The Department of Justice (DOJ) responded that President Trump has no such "absolute immunity."
"The defendant is not above the law," the government argues throughout its response, describing the motion to dismiss as "novel" and "expansive" in its reading of the law.
"In staking his claim, he purports (Mot. 29) to draw a parallel between his fraudulent efforts to overturn the results of an election that he lost and the likes of Abraham Lincoln’s Gettysburg Address and George Washington’s Farewell Address. These things are not alike," the filing continues.

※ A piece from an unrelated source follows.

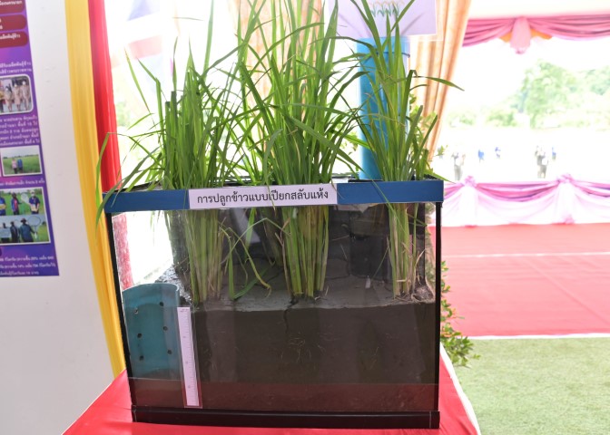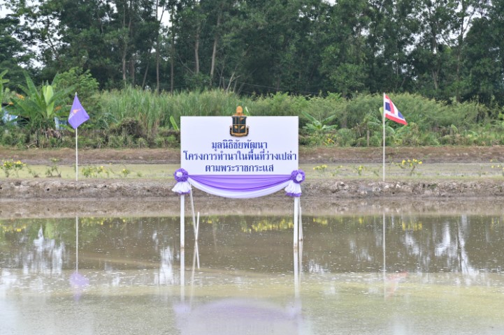 สำหรับข้าวที่ทรงปลูกในครั้งนี้คือข้าวพันธุ์ กข 87 โดยทรงปลูกด้วยวิธีหว่านน้ำตม ซึ่งเป็นวิธีการปลูกที่นิยมในเขตนาชลประทาน เนื่องจากประหยัดจำนวนเมล็ดพันธุ์ โดยข้าวที่หว่านจะเป็นข้าวที่นำขึ้นจากน้ำมาหุ้มด้วยกระสอบหรือผ้าเพื่อให้กองเมล็ดข้าวมีความชื้นใช้เวลา 1-2 คืน โดยรากจะค่อยๆ งอก ซึ่งช่วยให้การเจริญเติบโตรวดเร็วขึ้นหลังจากการหว่าน

The government has repeatedly argued that the former president knowingly tried to overturn "legitimate results" in the 2020 elections, and such criminal conspiracy negate the defenses he has raised, while President Trump, who has pleaded not guilty, maintains that he did nothing wrong, and sought to investigate what he believed was fraud in the 2020 elections.
Absolute Immunity?
The DOJ argued that presidential immunity did not extend to former presidents.
"An individual who has served as president of the United States, but is no longer in office, may face investigation, indictment, trial, and, if convicted, punishment for conduct committed during the presidency," the filing reads.

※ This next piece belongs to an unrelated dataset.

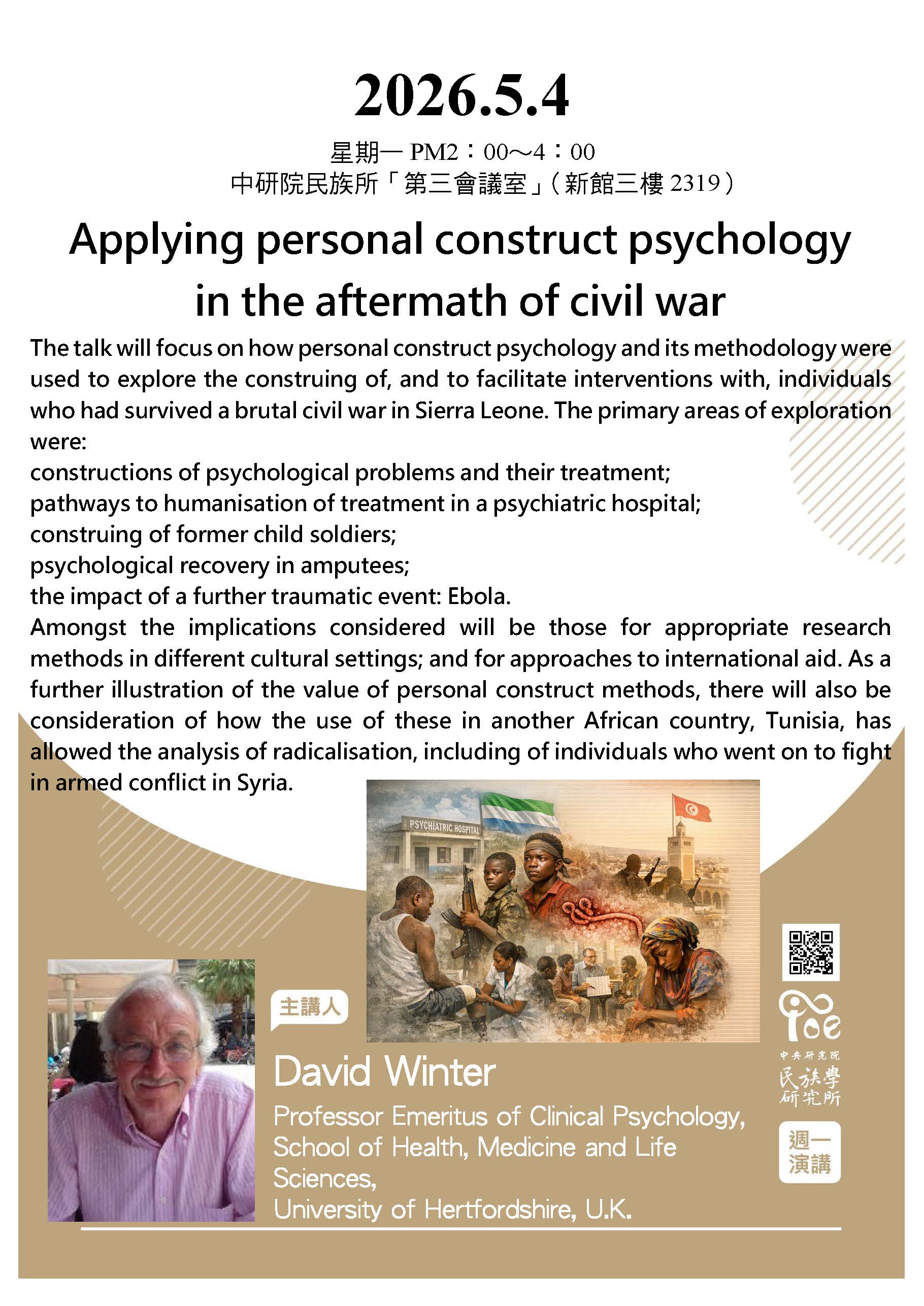 The talk will focus on how personal construct psychology and its methodology were used to explore the construing of, and to facilitate interventions with, individuals who had survived a brutal civil war in Sierra Leone. The primary areas of exploration were:

However, the Supreme Court ruling in the 1982 case Nixon v. Fitzgerald extended the "absolute" immunity of a president to the "outer perimeters" specifically to prevent presidents from being sued personally for the decisions in office. The reasoning was that it would diminish the Office of the President of the United States, if one could serve in office, and leave only to find a barrage of legal action against oneself.
President Trump now faces exactly that: several civil lawsuits, in addition to the four criminal cases against him for actions he took in his last days as president. Further, federal judges in Washington, D.C., have not agreed to dismiss the civil cases on the grounds of presidential immunity.

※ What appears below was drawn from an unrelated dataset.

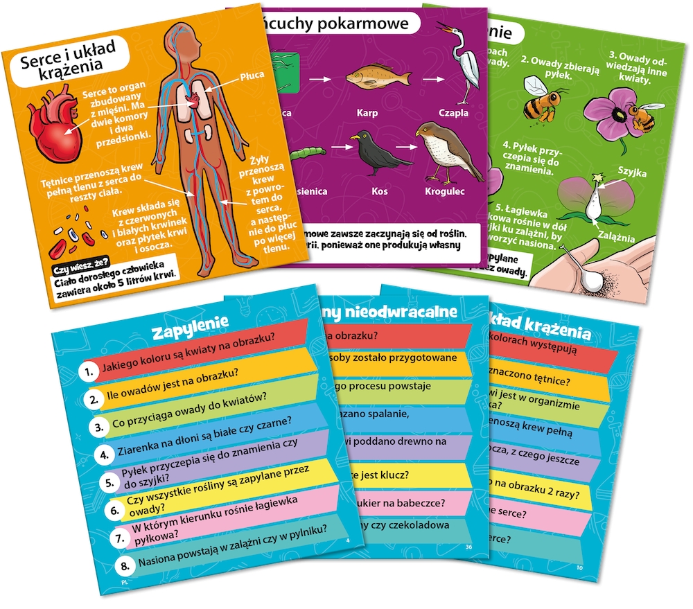 - Jeśli odpowiedź jest prawidłowa, zatrzymaj kartę. Jeśli jest błędna, odłóż kartę do pudełka. Teraz kolej na następnego gracza.

It remains to be seen whether the criminal case will be dismissed, but seems unlikely as Judge Tanya Chutkan, overseeing the case Mr. Smith is prosecuting, has rejected other motions from President Trump, including a motion requesting her recusal.
"No court has ever alluded to the existence of absolute criminal immunity for former presidents, and legal principles, historical evidence, and policy rationales demonstrate that once out of office, a former president is subject to federal criminal prosecution like other citizens," the DOJ argued in its opposition.
It pointed to the impeachment proceedings against President Trump as further evidence he was not completely immune to prosecution.
The government also pointed out that immunity to civil lawsuits would not prevent criminal cases from proceeding either, and described a hypothetical example where "a president who orders the National Guard to murder his most prominent critics" and argues he was "discharging his powers as commander-in-chief" as comparable to President Trump's argument for dismissal.
"No immunity should shield the defendant from federal prosecution for criminal conduct undertaken while he served as president," the government argued.
Motion to Dismiss
President Trump's lawyers had argued that the "incumbent" Biden administration was breaking 234 years of tradition in prosecuting the former president in this case. They claimed the actions Mr. Trump is being charged with were not even acts on the "outer perimeter" of his duties, "but at the heart of his official responsibilities as president."
"The prosecution does not, and cannot, argue that President Trump's efforts to ensure election integrity, and to advocate for the same, were outside the scope of his duties," the motion reads.
Much like a similar criminal case against President Trump in Georgia, this case will eventually need to prove President Trump's state of mind and motivation of his actions in the indictment. Prosecutors argue that President Trump acted with corrupt intention, while President Trump has repeatedly claimed he worked to preserve election integrity. The corrupt intention and conspiracy would negate his standard defenses like the First Amendment.
President Trump has also repeatedly called the prosecutions a "witch hunt" and "election interference" as he is campaigning to run for president again in 2024. Next year promises a busy court schedule, as civil cases will begin in January, and this election case will be tried in March.